INFORMATION GIVEN START

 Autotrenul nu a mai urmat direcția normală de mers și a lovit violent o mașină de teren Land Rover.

INFORMATION GIVEN END
INFORMATION GIVEN START

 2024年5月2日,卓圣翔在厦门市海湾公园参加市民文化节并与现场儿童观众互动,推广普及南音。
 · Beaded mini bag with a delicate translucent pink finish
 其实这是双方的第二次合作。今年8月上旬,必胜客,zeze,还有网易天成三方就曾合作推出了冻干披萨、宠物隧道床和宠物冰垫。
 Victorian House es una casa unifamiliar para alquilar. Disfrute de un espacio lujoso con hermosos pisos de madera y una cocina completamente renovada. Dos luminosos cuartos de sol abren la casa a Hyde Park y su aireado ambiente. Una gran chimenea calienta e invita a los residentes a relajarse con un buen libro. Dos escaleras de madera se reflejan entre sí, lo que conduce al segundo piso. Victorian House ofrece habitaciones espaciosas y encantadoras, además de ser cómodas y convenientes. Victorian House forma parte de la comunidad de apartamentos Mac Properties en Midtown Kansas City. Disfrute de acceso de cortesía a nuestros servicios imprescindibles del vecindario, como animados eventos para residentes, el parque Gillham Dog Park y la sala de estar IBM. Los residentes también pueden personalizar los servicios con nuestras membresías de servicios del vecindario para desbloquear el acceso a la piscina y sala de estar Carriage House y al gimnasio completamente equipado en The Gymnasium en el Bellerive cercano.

INFORMATION GIVEN END

**TASK DESCRIPTION**
Could you set down, word for word, only the lines above from the line with "translucent pink finish" to the line with "Victorian House es", including both?

**ANSWER TO THE EXERCISE**
 · Beaded mini bag with a delicate translucent pink finish
 其实这是双方的第二次合作。今年8月上旬,必胜客,zeze,还有网易天成三方就曾合作推出了冻干披萨、宠物隧道床和宠物冰垫。
 Victorian House es una casa unifamiliar para alquilar. Disfrute de un espacio lujoso con hermosos pisos de madera y una cocina completamente renovada. Dos luminosos cuartos de sol abren la casa a Hyde Park y su aireado ambiente. Una gran chimenea calienta e invita a los residentes a relajarse con un buen libro. Dos escaleras de madera se reflejan entre sí, lo que conduce al segundo piso. Victorian House ofrece habitaciones espaciosas y encantadoras, además de ser cómodas y convenientes. Victorian House forma parte de la comunidad de apartamentos Mac Properties en Midtown Kansas City. Disfrute de acceso de cortesía a nuestros servicios imprescindibles del vecindario, como animados eventos para residentes, el parque Gillham Dog Park y la sala de estar IBM. Los residentes también pueden personalizar los servicios con nuestras membresías de servicios del vecindario para desbloquear el acceso a la piscina y sala de estar Carriage House y al gimnasio completamente equipado en The Gymnasium en el Bellerive cercano.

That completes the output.